You also have the ability to cherry-pick individual workloads that you would like to run on Spot instances. Once you have made this selection, you will see an estimate of how much you can expect to save using Spot instances against the On-Demand equivalent.
Next, you can configure the following cluster preferences:
The cluster buffer adds headroom to the total capacity of the cluster, and can be configured separately for Spot and On-Demand nodes.
Reverse Fallback Retry
When Spot capacity is unavailable during a Spot interruption event, the Cluster Orchestrator will fall back to an On-Demand node temporarily to protect availability requirements. However, the solution then periodically checks for Spot capacity, so it can do a reverse fallback to Spot once capacity is available again. With the Reverse Fallback Retry option, you can configure the interval that the retry should be performed at.
Node Deletion Delay
By default, nodes with no pods are deleted from the cluster. With the node deletion delay option, you can configure a delay before this delete operation is carried out.

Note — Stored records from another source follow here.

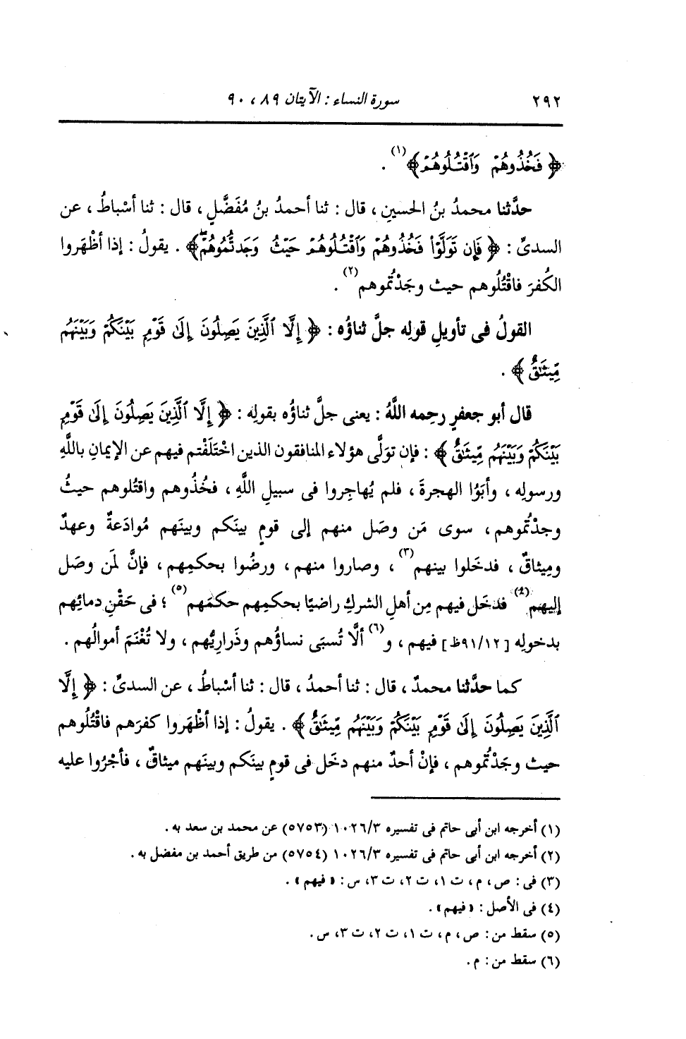 حَدَّثَنَا مُحَمَّدُ بْنُ الْحُسَيْنِ , قَالَ: ثنا أَحْمَدُ بْنُ مُفَضَّلٍ , قَالَ: ثنا أَسْبَاطٌ , عَنِ السُّدِّيِّ: {§فَإِنْ تَوَلَّوْا فَخُذُوهُمْ وَاقْتُلُوهُمْ حَيْثُ وَجَدْتُمُوهُمْ} [النساء: 89] يَقُولُ: «إِذَا أَظْهَرُوا كُفْرَهُمْ فَاقْتُلُوهُمْ حَيْثُ وَجَدْتُمُوهُمْ»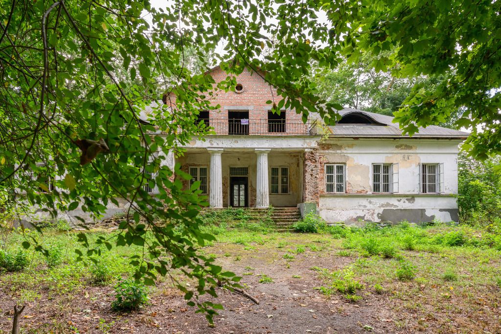 The manor house is a single-story structure, built of brick and plastered, with a regular rectangular plan and a residential attic. The entire structure has a basement and is covered with a hipped sheet metal roof. The front elevation has nine window axes, with a central projection containing a two-column, Doric, recessed portico supporting a terrace in front of the first-floor extension. The extension is topped with a triangular gable with a decorative oculus. The rear elevation features a portico similar to the front one, but in the Tuscan order. The interior layout is two-bay, with a corridor separating the bays, and with hallways and a living room on the axis. The entire structure is maintained in the spirit of Classicism.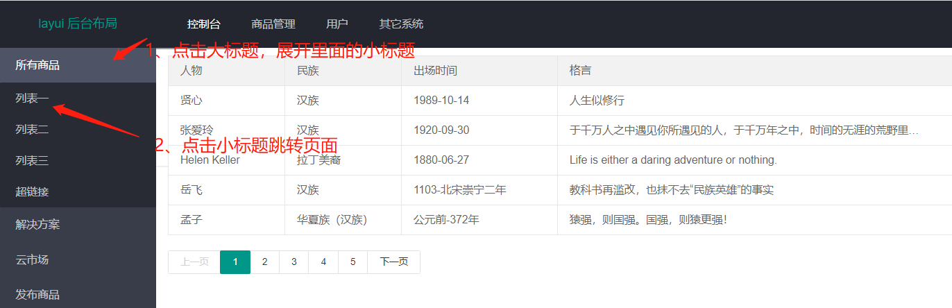 // 点击左侧列表大标签下的小标题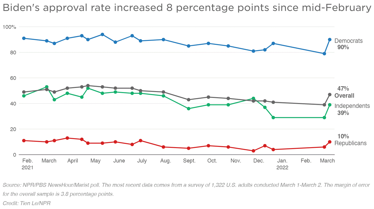 3月1日、バイデン大統領の一般教書演説が行なわれた(「Topics2022年3月3日 バイデン初の一般教書演説」参照)。その直後に行われたNPR世論調査で、バイデン大統領への支持率が8%跳ね上がって47%となった。特に、ロシアのウクライナ侵攻への対応が、主に民主党支持者の間で高く評価されている。しかし、昨年夏に失った支持を回復するまでには至っていないようだ。※ 参考テーマ「政治/外交」、「一般教書演説」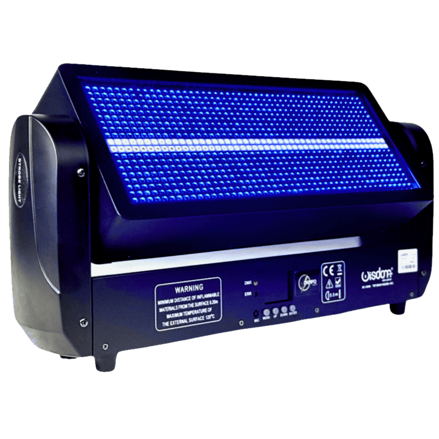 Il controllo avviene tramite protocollo DMX512, con modalità selezionabili da 8, 20 o 52 canali DMX, permettendo sia un utilizzo semplice e immediato sia una programmazione avanzata per setup professionali complessi. Oltre alla modalità DMX, la strobo supporta anche funzionamento automatico e modalità sound active, ideale per DJ set e installazioni dove è richiesta sincronizzazione immediata con la musica.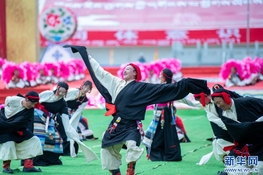 8月10日,演員在開幕式上表演舞蹈。新華網 旦增努布 攝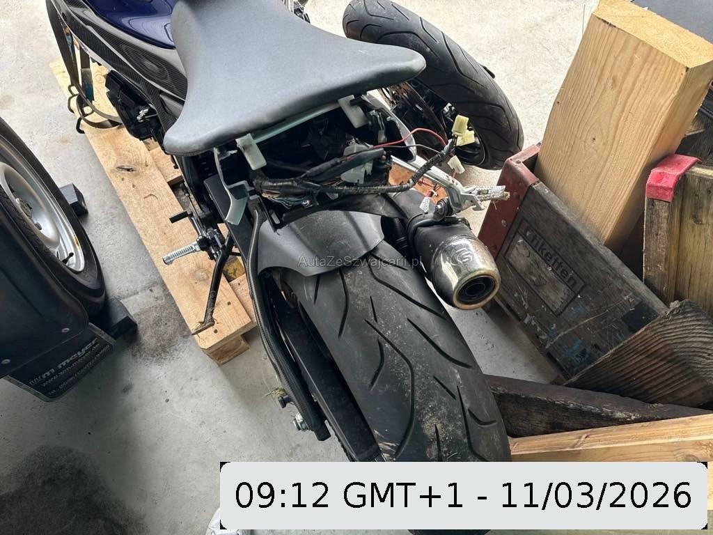 | Beschädigungen | Armaturen, Auspuffkollektor, Auspufftopf, Aussenspiegel links, Aussenspiegel rechts, Front, Fussraster links, Fussraster rechts, Gabelholm, Griff links, Griff rechts, Heck, Heckverkleidung, Kabelstrang, Kühler, Lenkanschlag, Lenker, Lenkschloss, Rad hinten, Rad vorne, Rahmen, Rücklicht, Scheinwerfer, Schutzblech hinten, Schutzblech vorne, Seite links, Seite rechts, Sitz, Tank, Verschalungen links, Verschalungen rechts, Verschalungen vorne, Windschutzscheibe, Zündschloss |

Bin-packing of Single Replica Workloads
Typically, bin-packing excludes single replica workloads to avoid disruptions while moving them from one node to another; however, with this option, you may configure the cluster orchestrator to include bin-packing of single replica workloads for a more aggressive bin-packing strategy.
With this option, you can configure a restriction (minimum and maximum) on the CPU resources for the EKS cluster.
Next, we configure the node preferences.
Node selection – by node instance families
This option lets you configure which instance families you would like the EKS cluster nodes to be from. When deciding which instance family nodes to bring up, the Cluster Orchestrator will only bring up nodes from the instance families selected here.
Node selection – by node constraints
If you are not particular about the exact instance families you would like to include or exclude from your EKS cluster nodes, then you can configure node constraints with this option. This will simply restrict the nodes to these minimum and maximum constraints for CPU/memory, irrespective of node instance family.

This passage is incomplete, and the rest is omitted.